*What the task asks*.
Retype the opening lines of the listing below, ending with the line that contains "M HERTY Portrait", and leave out any pictures.

*Given material*.

>>

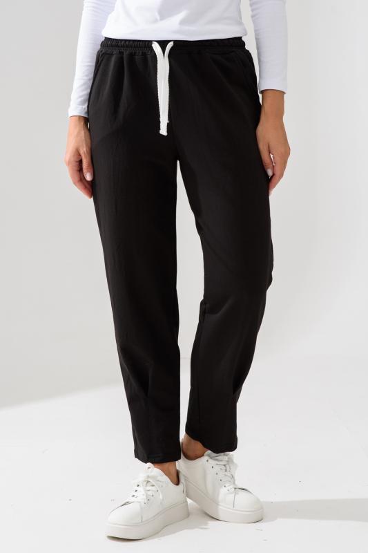 Брюки женские это универсальные прямые штаны, которые подойдут под любой образ: классический, домашний или спортивный. Брюки спортивные женские из турецкого хлопка имеют эластичный мягкий пояс с завязками и два глубоких боковых кармана. Можно отрегулировать как высокую или среднюю, так и низкую посадку. Брюки не скатываются и не линяют, держат форму и не мнутся, а колени не вытягиваются даже спустя время. Спортивные штаны женские представлены в широкой размерной линейке от 44 до 58 размера.
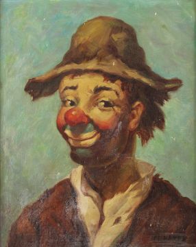 M HERTY Portrait of a boy clown oil on canvas signed 49 x 39cm
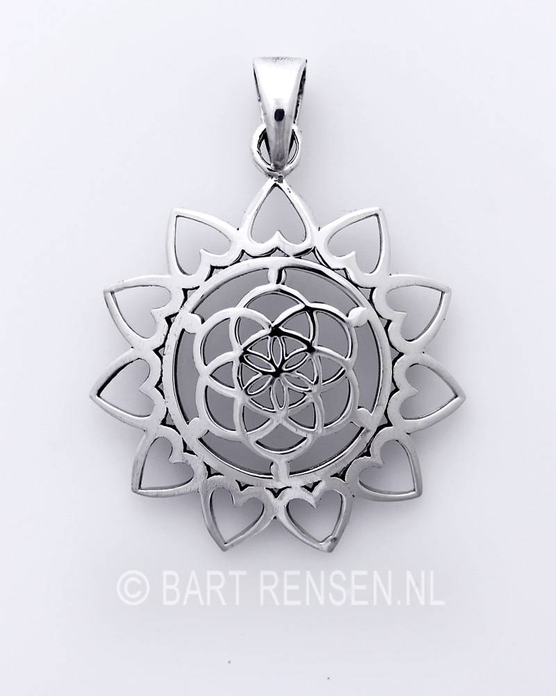 De afmeting van de Seed of Life Lotus hanger is 30 x 30 mm (incl. hangeroog 39 x 30 mm).

<<

*Answer for the task*.
 Брюки женские это универсальные прямые штаны, которые подойдут под любой образ: классический, домашний или спортивный. Брюки спортивные женские из турецкого хлопка имеют эластичный мягкий пояс с завязками и два глубоких боковых кармана. Можно отрегулировать как высокую или среднюю, так и низкую посадку. Брюки не скатываются и не линяют, держат форму и не мнутся, а колени не вытягиваются даже спустя время. Спортивные штаны женские представлены в широкой размерной линейке от 44 до 58 размера.
 M HERTY Portrait of a boy clown oil on canvas signed 49 x 39cm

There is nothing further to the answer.